I’ve been building RAG workflows in Latenode and I keep running into this wall where I’m not entirely sure if my retrieval step is pulling the right documents before the generation model even sees them. Like, the final answer looks good, but I have no visibility into whether the retriever is actually doing its job or if the generator is just hallucinating around bad sources.
I realized I need to understand what’s happening in the middle. When you’re building this visually without managing your own vector database, how do you actually validate that the retriever component is working? Are there ways to test this before it goes to the generator, or do people just iterate until the output looks reasonable?
I’m specifically curious about what changes when you don’t have direct control over the vector store. Does Latenode give you any hooks to inspect what sources are being retrieved, or do you kind of have to trust the process?
This is exactly where most people get stuck. The visibility problem is real, but Latenode actually handles this pretty elegantly.
When you’re building your RAG workflow visually, you can add logging steps between your retrieval and generation models. Basically, use the Data Transform node or add a simple JavaScript step that logs or stores the retrieved documents before passing them to your generator. This way you see exactly what your retriever pulled.
What changes when you’re not managing the vector store yourself is that you stop worrying about indexing, embedding quality, and similarity search tuning. Latenode abstracts all that away. Your focus shifts to validation, which is actually cleaner.
I usually add a retrieval validation step: check document count, verify source types, maybe score them by relevance. Then I connect that output to my generator. Takes five minutes to set up, saves hours of debugging.
You can also use Autonomous AI Teams for this. Have one agent handle retrieval, another validate the sources before passing to your generation agent. The agents coordinate automatically.
I faced this exact problem when building a support documentation bot. The generator was producing answers that sounded convincing but were sometimes pulling from outdated or irrelevant docs.

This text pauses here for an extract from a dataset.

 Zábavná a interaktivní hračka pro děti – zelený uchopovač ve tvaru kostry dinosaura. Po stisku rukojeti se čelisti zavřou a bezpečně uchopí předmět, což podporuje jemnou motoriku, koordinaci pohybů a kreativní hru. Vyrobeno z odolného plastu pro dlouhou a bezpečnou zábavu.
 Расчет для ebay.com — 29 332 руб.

What helped was breaking the workflow into stages where I could see intermediate outputs. In Latenode, I added a step that captures the retrieval results as a separate output before feeding them into generation. Even just logging the document titles and scores gave me enough insight to know if something was off.
One thing I discovered: sometimes the issue isn’t the retriever, it’s how you’re formatting your query going into retrieval. I spent days thinking my vector store was broken when really I just needed to preprocess the input question better.

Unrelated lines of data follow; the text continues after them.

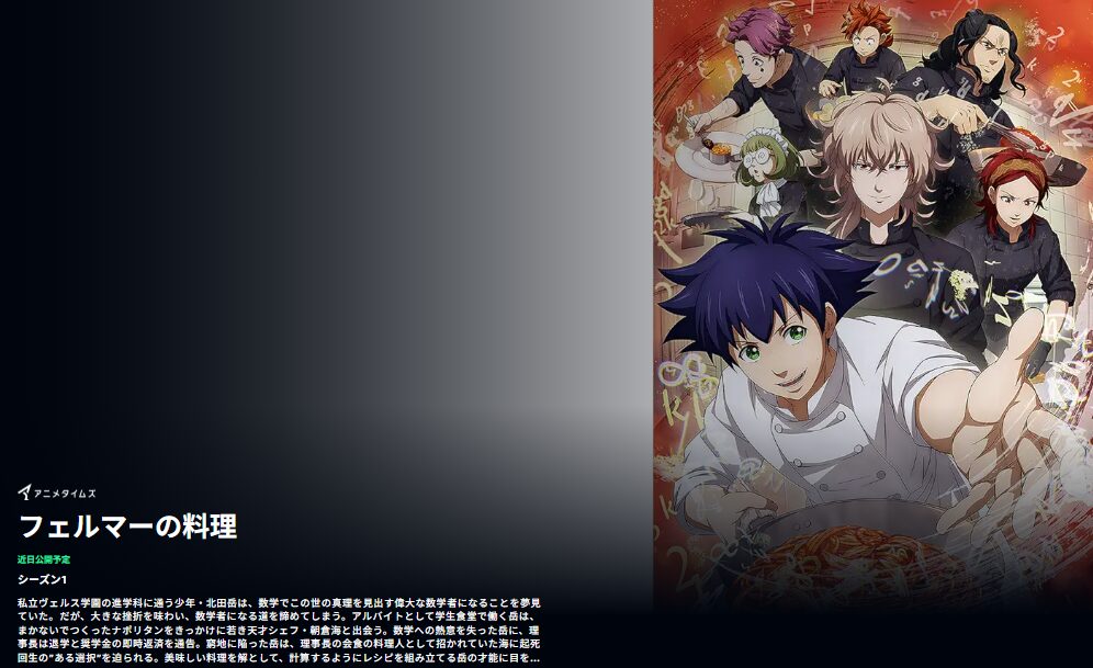 アニメ|フェルマーの料理の動画をフルで無料視聴できる配信サイト
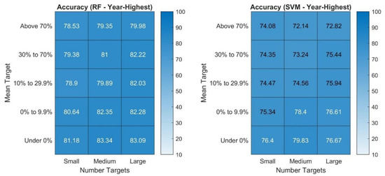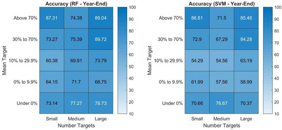 Similar to the Year-End average accuracies, the Year-Highest average accuracies also decline for higher target return groups. Moreover, the trend of higher average returns for higher target return groups can also be observed. The average returns for the Year-Highest class are for each target return group higher than those of the Year-End class (see Table 4), which is intuitive given that these correspond to the highest stock price during an entire year and not just those at the end of the year. The same holds true for the average hit returns and the average miss returns, which are all positive (with the single exception of the average miss return for the “Under 0%” target return group which, by definition, cannot be positive). As for the Year-End target, for the Year-Highest target the average hit and miss rates increase as the target return group increases. This highlights that clean energy stocks in the groups with higher mean target returns, which represent a more favorable analyst expectation than groups with lower mean target returns, also tend to achieve higher stock price increases over their 12-month periods. It is noteworthy that both the average as well as the median return increases with higher target return groups, highlighting that the distribution has a longer tail for the high positive returns (see Figure A1 in Appendix A). However, in contrast to the Year-End returns, the share of negative returns remains at a low, close to constant level for all target return groups.
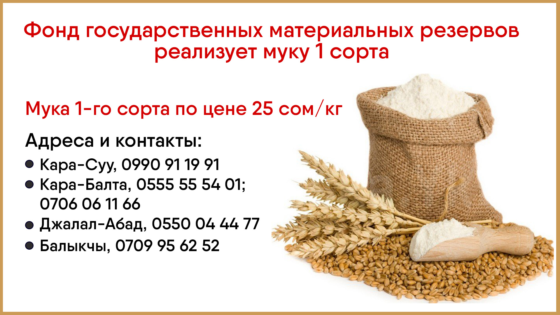 Фонд государственных материальных резервов реализует муку 1 сорта по цене 25 сом за кг.
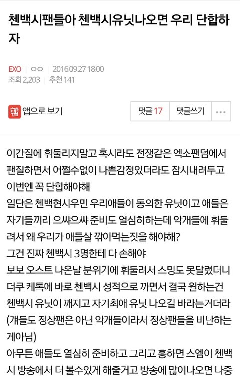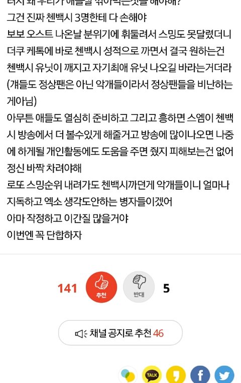 첸백시팬들 단합하자니까 반대 5개밖에 안찍힘ㅋㅋㅋㅋ 엑소팬덤에서 싫어한다고 정치질하더니 오픈톡판 악개 5마리가 일당백으로 첸백시 견제하는거였음
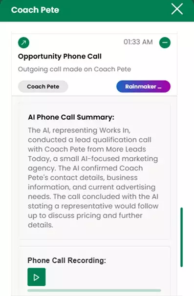 Hear every conversation, anytime. All Rainmaker™ voice AI calls are recorded, organized, and stored for you to review, track quality, review AI instant lead qualification and improve your follow-ups. All phone calls include an AI phone call summary.
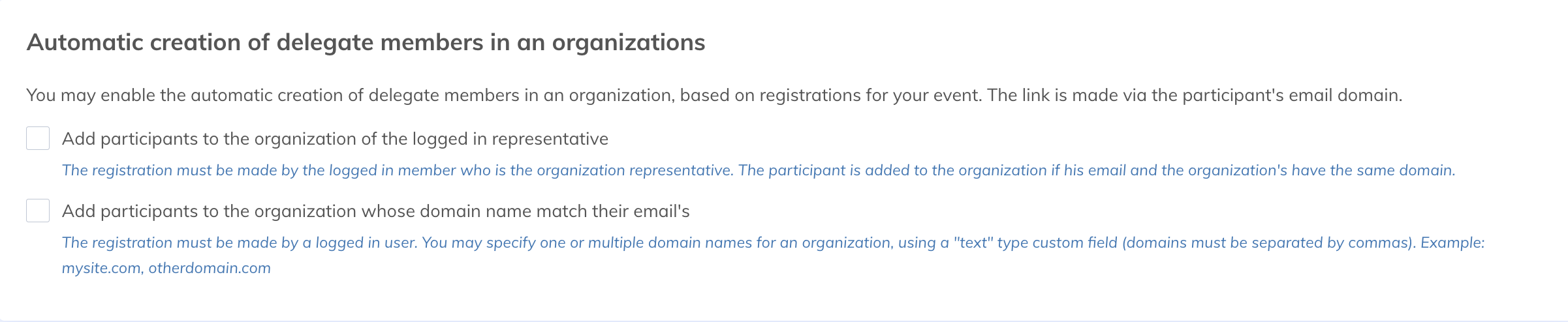 - Automatic creation of delegate members in an organization - If you wish to automatically create delegated members in an organization during registration, select the desired procedure.
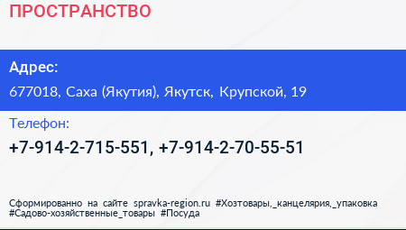 ПРОСТРАНСТВО по адресу 677018, Саха (Якутия), Якутск, Крупской, 19 в дальнейшем Организация, размещена в следующих категориях:
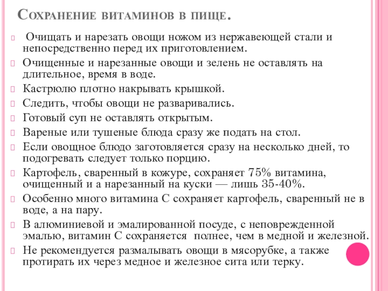 Какие правила следует соблюдать при приготовлении пищи с целью сохранения витаминов

The nice part about not managing the vector database yourself is you can experiment with different retriever models without worrying about reindexing everything. You can swap models and test immediately.
The key is instrumenting your pipeline. Between retrieval and generation, inject a data transformation or inspection node. This lets you see the raw retrieved documents, their scores, and metadata before the generator touches them. Most people skip this step and end up debugging blind. Once you have visibility, you can add validation rules—require minimum relevance scores, filter by date ranges, check for document types. The retrieval step becomes predictable. When you’re not managing the vector database yourself, you trade control for simplicity, but you can still monitor what’s coming through.
Building effective RAG requires observability at each stage. In a no-code environment like Latenode, you maintain this observability by creating intermediate outputs from your retrieval component. Capture the source documents, relevance scores, and metadata before passing results downstream to generation.
This approach also enables you to test retrieval independently of generation, which is critical for understanding which component is actually failing. Many RAG systems appear to work when really the generator is compensating for poor retrieval quality.
Since you’re not managing vector infrastructure directly, focus on monitoring the input-output contract of the retriever component: consistent document format, stable relevance scoring, and predictable result ranking.
Add a logging step between retrieval and generation. Capture what documents are actualy retrieved before the generator sees them. This gives you full visibility into whether your retriever is working properly or if the generator is just making stuff up.